Из нищей, голодной, холодной России,
где дай Бог порою пригоршню лапши,
швырнула судьба меня к «жизни красивой»,
где от изобилия пузо трещит,
Где носят такие улыбки на лицах,
что ты за улыбкой не видишь лица,
где море соблазнов, как перья Жар-Птицы,
сверкает и дразнит тебя без конца.
Америка!.. Злиться? Молчать? Восторгаться?

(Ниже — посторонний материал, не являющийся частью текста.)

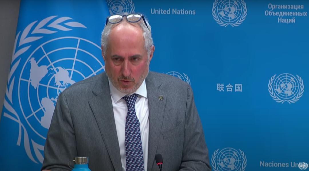 联合国秘书长古特雷斯的发言人迪雅里克21日在例行发布会上接受记者提问。图源:联合国官网视频截图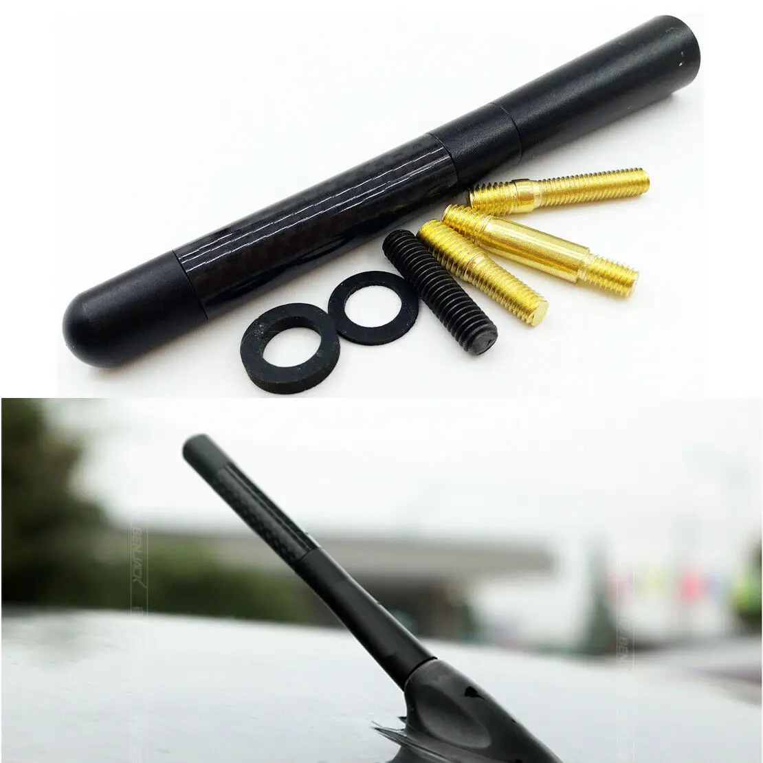 Особенности: L Эта антенна функциональна и предназначена для радиосигнала AM/FM. L углеродное волокно с принтом придает уникальный внешний вид. L поставляется с 4 винтами разного размера и 2 универсальными адаптерами. L заменяет на наличие мачты/кнут антенны с OEM качеством. L Прямая замена болта, никаких изменений не требуется.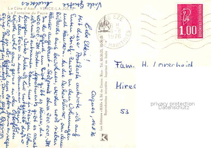 12904369 carte postale Vence-la-Jolie La Fontaine du Peyra postalisch gelaufen Erhaltung siehe scans [LiesaD40] KatCode: 11170006106157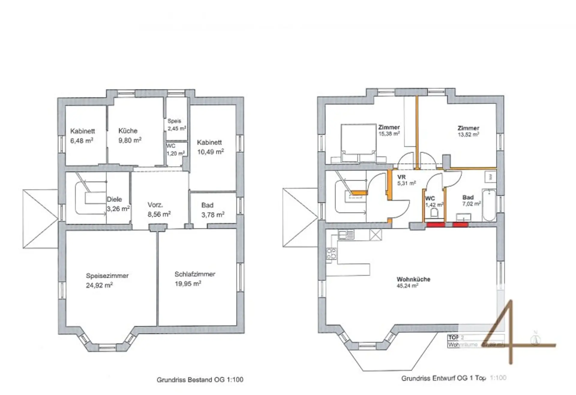 Die Gesamtwohnfläche von ca. 175,26 m² erstreckt sich über zwei Geschosse. Derzeit befindet sich pro Geschoss eine Wohneinheit, verbunden sind die Wohneinheiten über eine innenliegende Treppe. Eine Studie über den Umbau in 4 Wohneinheiten inkl. Dachgeschoss-Ausbau liegt vor!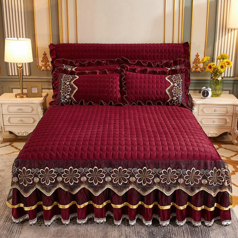 3pcs/set Crystal Velvet Bed Skirt and Pillowcase Three-piece Quilted Thick Velvet Lace Bedspread Winter Warm Short Plush Non-slip Bed Cover

Заплакать вдали от родных берегов?
Богатство, богатство, еще раз богатство,
но кроме богатства, увы… ничего!
Я пил кока-колу, катался на «фордах».
Лос-Анджелес, Хьюстон… Какие слова!
Давила Америка сытостью гордой,
да так, что кружилась порой голова!
Я даже боялся - а вдруг спотыкнуся
и где-то во мне обнаружится брак,
и, как у буржуйчика, всей моей сутью
вдруг станет кишечно-желудочный тракт.
Но, право, чем больше я ел шоколада,
скользил по бредово-роскошным коврам,
тем было яснее, что нет, мне не надо
всей этой малины, что я не отдам
За эти витрины, за эти улыбки,
за весь этот сыто ликующий быт
ни самых трагических наших ошибок,
ни самых пронзительных наших обид.
Что было - то было. Я знаю, я верю,
что нету ненужных в Истории глав,
и только затем торжествует Сальери,
чтоб стало яснее, что Моцарт был прав!
Я знаю, Америка, как ты жирела.
Я знаю, откуда богатство твое.
В нем слезы Гренады, в нем муки Кореи,
в нем горе Вьетнама к отмщенью зовет.
В нем пепел Багдада, в нем ад Хиросимы,
в нем смерть миллионов голодных детей.
В нем ныне и горькая участь России,
попавшей в объятья паучьих сетей.
И так мне хотелось от этих комфортов,
от этих постыдных, бездушных богатств,
побив все рекорды, свободным и гордым,
летящим, как пуля, оленем бежать.
В Россию! Скорее в родную Россию,
где дай Бог порою пригоршню лапши,
но столько для русского разума силы,
и столько работы для русской души!
Лос-Анджелес. Сентябрь 1992 г.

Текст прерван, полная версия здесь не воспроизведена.